The crackles and pops -that’s just for effect. Vinyl sounds better than ever.


3. The term 'world music' becomes obsolete


Angélique Kidjo released ‘Celia’ her best selling homage to Celia Cruz on CD and vinyl.


Which brings us to another trend, the old genre of ‘world music’. Kind of obsolete at this point. The internet and file-sharing mean that artists everywhere no longer toil away in the vacuum of regional culture. Everything around the globe inspires now.


Look specifically at the African continent over the past ten years, long the source of many sounds simply called "world music." That all-encompassing label gave way to a distinct 21st-century genre of pop music. In fact, there's a new sales chart on the continent that didn't exist in 2010: ChartsAfrica.


4. A new Africa


Their top 10 albums for 2019? Angélique Kidjo’s ‘Celia’ is on it but with only one other exception, everything else is millennial music. At number one on ChartsAfrica top albums this year is "African Giant," by arguably Nigeria’s biggest star of the moment, Burna Boy. It’s a slow jam with heavy auto tune. Definitely not Afropop, even though it is pop from Africa.

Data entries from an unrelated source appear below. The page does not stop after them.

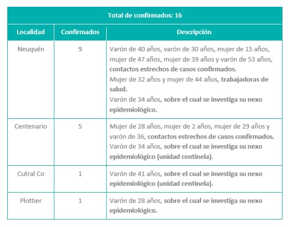 Al momento de este reporte, se notificaron 16 nuevos casos confirmados de coronavirus (Covid-19) de la provincia del Neuquén. Uno de ellos de Cutral Co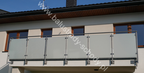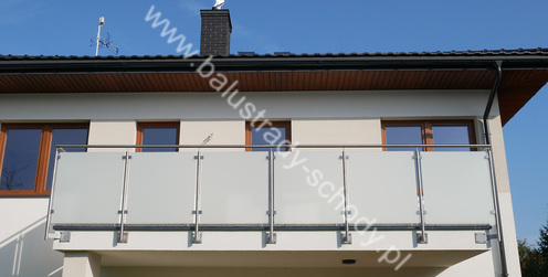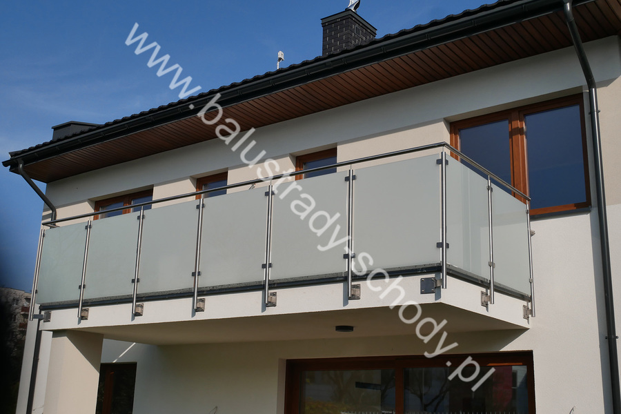 Balustrady nierdzewne zewnętrzne wykonane w strukturze szlifowanej. Tafle szkła z folią mleczną zamontowane poprzez systemowe uchwyty. Taka kombinacja zapewnia domownikom dyskrecję i łapie kontrast z wyraźną stalą szlachetną. Montaż słupków bez marek na ocieplony już taras poprzez zastosowanie tzw. lasz. Jest to alternatywa w sytuacji gdy na etapie ocieplania budynku nie przygotujemy mocowań pod słupki.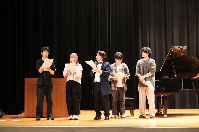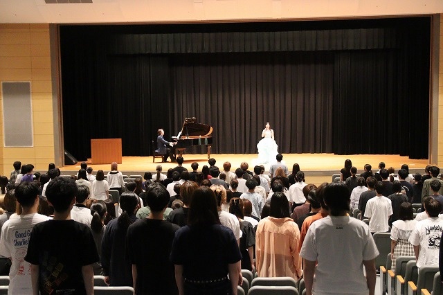 当日は、ソプラノ歌手の小林瑞花先生、ピアニストの津島圭佑先生も加わり、日本の名曲やオペラの楽曲をご披露いただきました。初めて聴くオペラ歌手の圧倒的な声量に、学生たちは魅了されていました。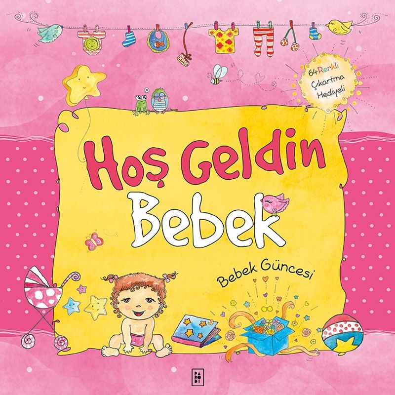 Birbirinden sevimli çıkartmaları kullanarak daha eğlenceli hâle getireceğiniz bu bebek güncesini keyifle doldururken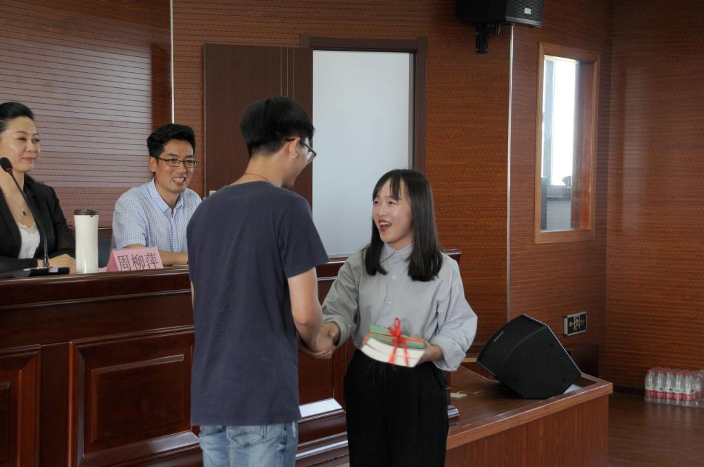 的培养表达了内心真挚的感恩之情,也提及了自身的建议,希望同学们能够重新审视自己,努力克服困难,勇于创新,保持理想,完善人格。其中程康桥同学分享了奋斗、勇气和收获才能考上985高校,朱斌达同学分享了大学四年取得校级省级国家级奖项和荣誉称号历程直到考取研究生,马蓉则代表2015级考研学子做了坚持到底、不负青春、不负期望的表态。而专程从杭州赶来的张依更是分享了她对感恩的定义和她的研究生生活。她表示,科研路上非常精彩,但不轻松,获取知识的过程是非常快乐的。同时也希望即将备战考研的同学们好好珍惜这一年宝贵的时光。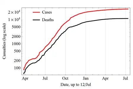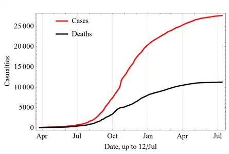 Еволюція загальної кількості випадків захворювання (cases) та смертей (deaths).

You could say that the internet democratised music by helping to eliminate the ghetto of world music but just because pop music globally appears to be on a more even playing field, it's also not fully employed its bully pulpit.


5. Music fails to address socio-economic inequality


There have been artists like Seun Kuti who warned his fellow Nigerians to not get sucked into a consumer lifestyle in songs like “African Dreams." And New Zealand’s Lorde and her tune, "Royals," calling out the over-the-top bling.

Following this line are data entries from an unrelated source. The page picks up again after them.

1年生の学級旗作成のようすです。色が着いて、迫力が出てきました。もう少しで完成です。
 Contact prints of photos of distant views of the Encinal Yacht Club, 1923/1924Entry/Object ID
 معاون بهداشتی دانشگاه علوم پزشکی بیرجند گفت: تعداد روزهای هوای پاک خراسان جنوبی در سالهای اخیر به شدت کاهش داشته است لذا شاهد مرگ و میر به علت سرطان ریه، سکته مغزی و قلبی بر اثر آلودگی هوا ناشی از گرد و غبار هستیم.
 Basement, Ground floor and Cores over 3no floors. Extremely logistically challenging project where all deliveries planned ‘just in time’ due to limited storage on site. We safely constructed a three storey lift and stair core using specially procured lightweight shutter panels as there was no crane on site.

‘’For Lorde, it was Royals, every songs like gold teeth, Grey Goose, tripping in the bathroom, blood stains, ballgowns, trashing the hotel room’’


That’s writer, Alissa Quart, who heads up the Economic Hardship Reporting Project. After the 2008 great recession, musicians had a chance to critique socio-economic inequality around the world but Alissa Quart says, artists mostly came up short.

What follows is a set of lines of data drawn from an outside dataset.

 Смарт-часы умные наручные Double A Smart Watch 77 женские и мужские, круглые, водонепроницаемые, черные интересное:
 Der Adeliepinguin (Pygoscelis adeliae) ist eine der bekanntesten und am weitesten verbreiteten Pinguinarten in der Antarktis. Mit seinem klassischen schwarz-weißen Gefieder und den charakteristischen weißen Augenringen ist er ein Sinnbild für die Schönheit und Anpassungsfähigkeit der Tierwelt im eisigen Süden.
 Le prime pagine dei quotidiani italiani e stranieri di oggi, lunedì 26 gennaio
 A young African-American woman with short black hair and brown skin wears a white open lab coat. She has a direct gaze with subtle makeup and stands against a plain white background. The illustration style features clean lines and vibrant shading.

"What does it mean when you don't have music or visual art or other forms that don't, in the last decade, speak to this? I think then you start to lose the cultural claim on being a democratic art. People call out each other, 'check your privilege, but the cultural production is not checking its privilege.’’


It's a trend that critic and writer Scott Timberg wrote about last year in an essay in Vox titled, "How music has responded to a decade of economic inequality." Scott died unexpectedly this past month. "Well, Scott Timberg was my friend, my colleague, and I edited this piece of his about inequality in music and I think he did really worry about what was going to happen with cultural production, but he was always an optimist ...like, even in his last week her was posting, you know, Kurt Vial, who’s a younger indie musician and a collaboration he did, and a video from that and it was really beautiful and I think that he still kept his mind and ear connected to better work that was being made."


6. The loss of music innovators


And speaking of better work, we lost great artists in the 2010s, so many that it felt like a trend. Aretha, Bowie, Prince. Artists with seemingly limitless talent who stayed true to innovation and boldness. Legacies that show us great art requires hard work.